Шрифт:
Интервал:
Закладка:
Фильм А. Смирнова «Осень», несмотря на былые заслуги режиссера («Белорусский вокзал»), был отвергнут категорически как «изолированный от реальностей многосложной жизни» (А. Караганов). Зато «Самый жаркий месяц» Ю. Карасика, экранизация производственной пьесы Г. Бокарева «Сталевары», уже довольно известной по сцене, хотя и вызывал упреки в одномерности художественного решения, все же признавался «важным и нужным». «Романс» едва ли не единогласно оценили положительно. Отмечалось очевидное профессиональное мастерство режиссера и жизнеутверждающий пафос картины. Настораживало, правда, неожиданное переключение фильма из одного сюжетно-жанрового слоя в другой, когда жизнеутверждение оборачивалось унылой прозой серых будней.

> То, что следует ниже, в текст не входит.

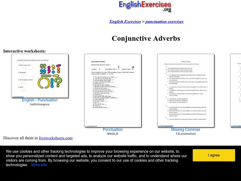 This learning module provides a partial list of common conjunctive adverbs, the sentence pattern with an example, and a five-question practice exercise.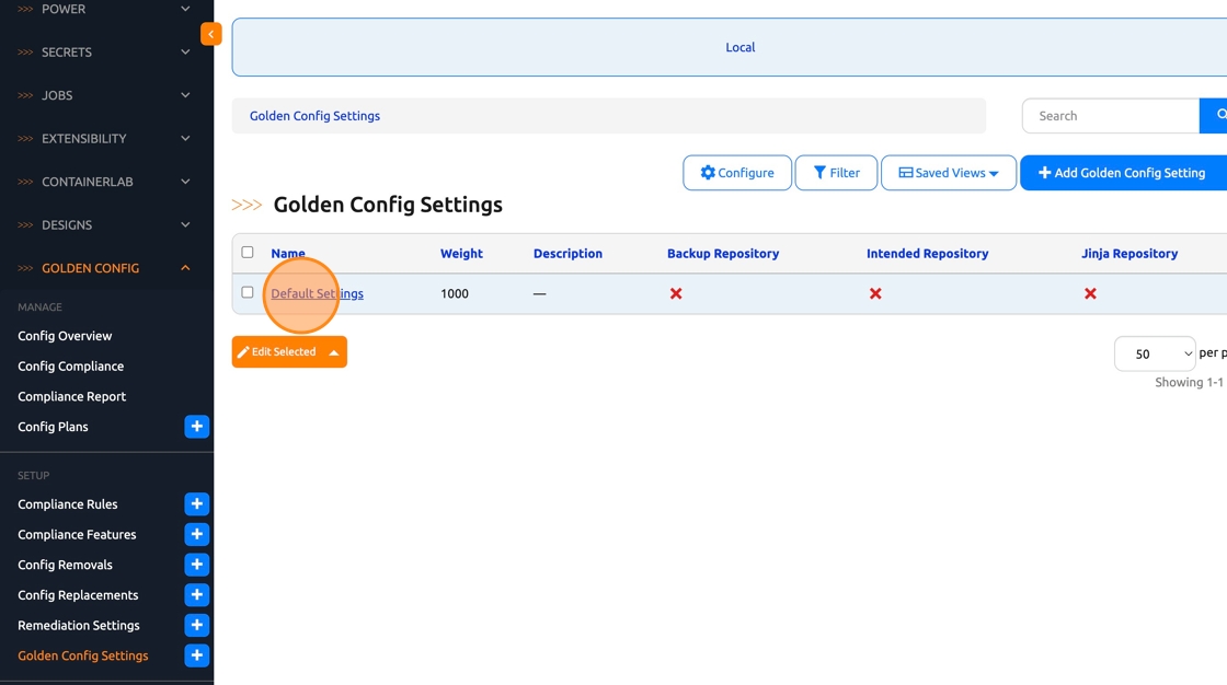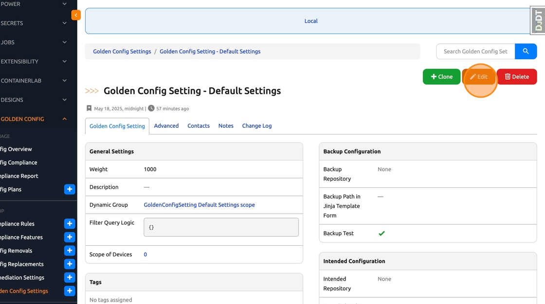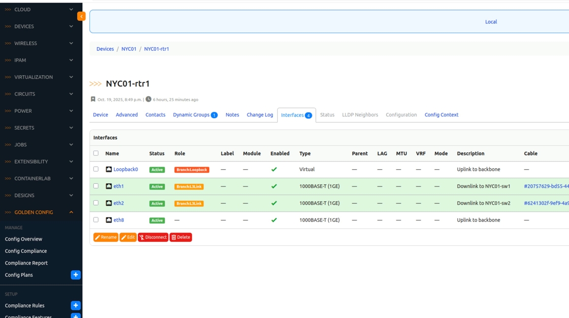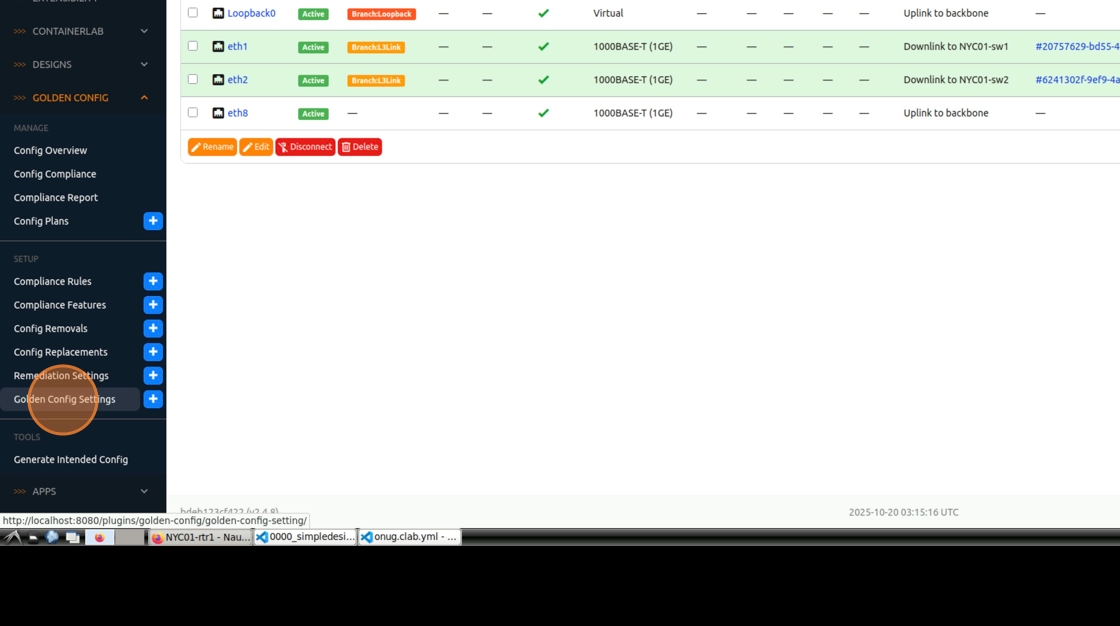 When we ran design builder in the first lab we also generated the intent data for the devices at our new site. Now we can use that intent data to generate our intended configurations and our ContainerLab topologies for testing. First, we need to setup our Golden Config settings and then we can render the intended configs.

Фактически так была сформулирована и точка зрения массового зрителя, который, в свою очередь, не смог освоить сюжетно-жанровый слом фильма, принципиальный для авторов.
«Зеркало» в который раз поставило обсуждавших в тупик. По общему убеждению, субъективный творческий поиск режиссера сделал его высказывание мало доступным восприятию и пониманию даже подготовленного зрителя. Симптоматично, что и те, кого трудно было бы упрекнуть в конформизме, все же искренне отторгали сугубую субъективность языка «Зеркала».
М. Хуциев, например, положительно отреагировавший на «Романс», в фильме Тарковского обнаружил только «монолог, в котором автор, не заботясь о собеседнике, беседует в основном с самим собой» с серьезностью, которую лучше бы сохранить по отношению к собеседнику, а к себе необходима доля юмора. Глубина погружения автора в свое частное духовное бытие, с отчаянной бескомпромиссностью заявленная Тарковским, стала естественной преградой для мировидения, воспитанного на протяжении XX столетия советским образом жизни, художники поколения Ю. Райзмана, М. Хуциева, Г. Чухрая всегда осознавали себя выразителями некой общенародной, гражданской позиции. Они были воистину сыновьями Страны Советов, а потому по определению не прочитывали код «Зеркала». Но спустя четверть века тот же Хуциев в «Бесконечности» истолкует страницы истории страны и своей собственной в том же субъективно-исповедальном ключе, что и в свое время Тарковский, попытавшись заглянуть в глаза Вечности.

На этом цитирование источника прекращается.